▶ **Data provided**:
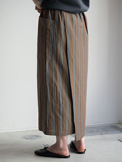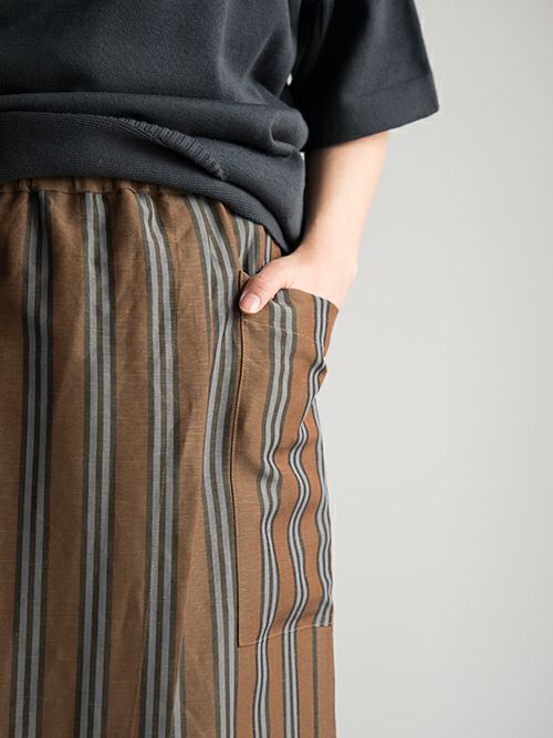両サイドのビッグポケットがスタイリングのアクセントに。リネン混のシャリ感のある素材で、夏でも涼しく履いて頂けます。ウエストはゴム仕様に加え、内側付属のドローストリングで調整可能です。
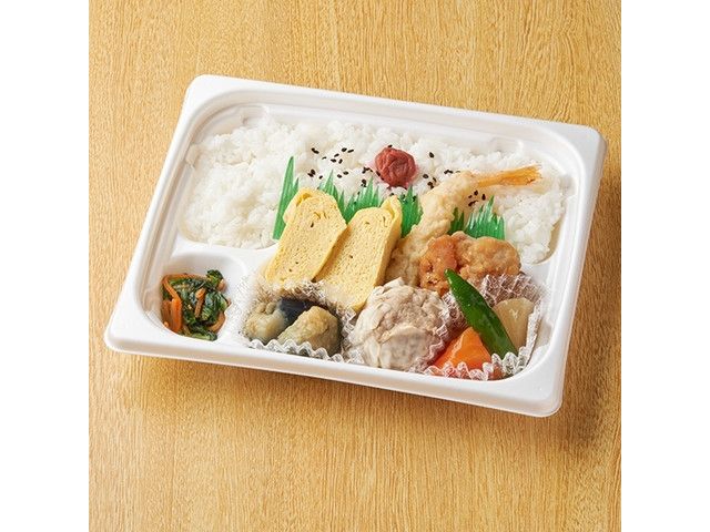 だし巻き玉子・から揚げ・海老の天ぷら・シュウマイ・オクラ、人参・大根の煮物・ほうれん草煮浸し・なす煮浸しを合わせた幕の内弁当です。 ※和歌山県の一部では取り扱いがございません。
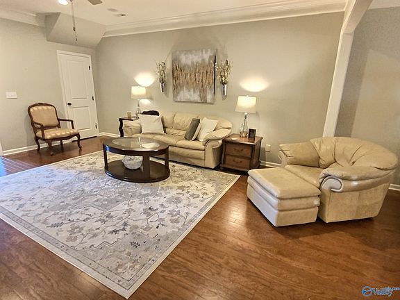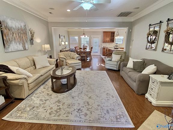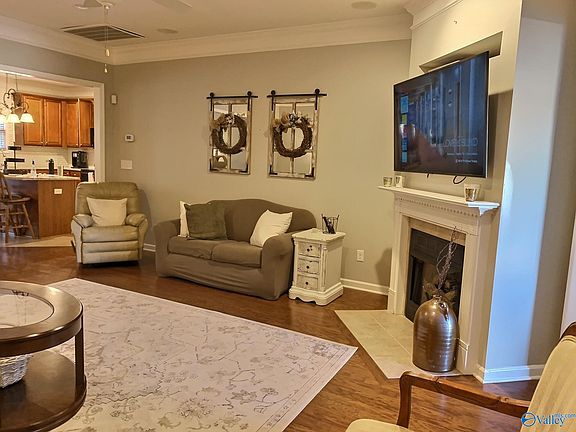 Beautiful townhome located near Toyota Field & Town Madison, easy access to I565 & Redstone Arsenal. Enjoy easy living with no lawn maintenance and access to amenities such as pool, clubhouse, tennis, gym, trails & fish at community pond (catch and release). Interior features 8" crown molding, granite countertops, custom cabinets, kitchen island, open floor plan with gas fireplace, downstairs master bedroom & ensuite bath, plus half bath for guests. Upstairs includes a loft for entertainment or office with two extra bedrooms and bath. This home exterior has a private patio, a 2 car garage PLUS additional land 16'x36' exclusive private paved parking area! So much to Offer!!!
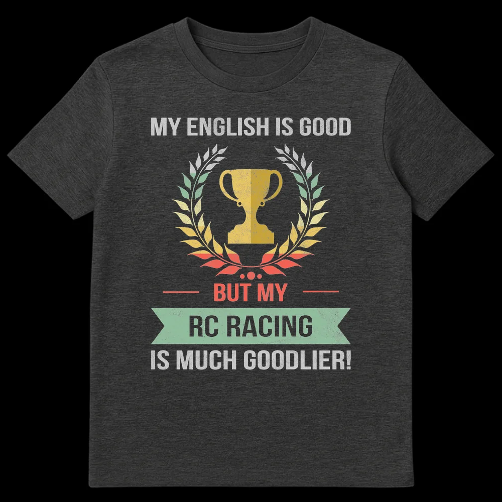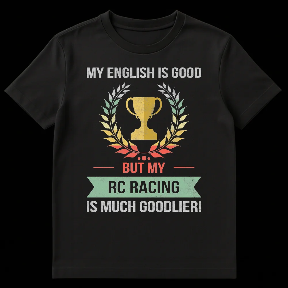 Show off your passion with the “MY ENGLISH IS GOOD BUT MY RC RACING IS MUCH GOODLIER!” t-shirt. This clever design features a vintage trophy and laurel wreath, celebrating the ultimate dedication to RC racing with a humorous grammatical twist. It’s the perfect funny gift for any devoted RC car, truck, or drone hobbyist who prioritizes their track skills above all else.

▶ **Problem details**: Where pictures appear, drop them, and reproduce exactly only the lines running from the beginning of the data to the line that contains "だし巻き玉子・から揚げ・海老", inclusive.

▶ **Written reply**:
両サイドのビッグポケットがスタイリングのアクセントに。リネン混のシャリ感のある素材で、夏でも涼しく履いて頂けます。ウエストはゴム仕様に加え、内側付属のドローストリングで調整可能です。
 だし巻き玉子・から揚げ・海老の天ぷら・シュウマイ・オクラ、人参・大根の煮物・ほうれん草煮浸し・なす煮浸しを合わせた幕の内弁当です。 ※和歌山県の一部では取り扱いがございません。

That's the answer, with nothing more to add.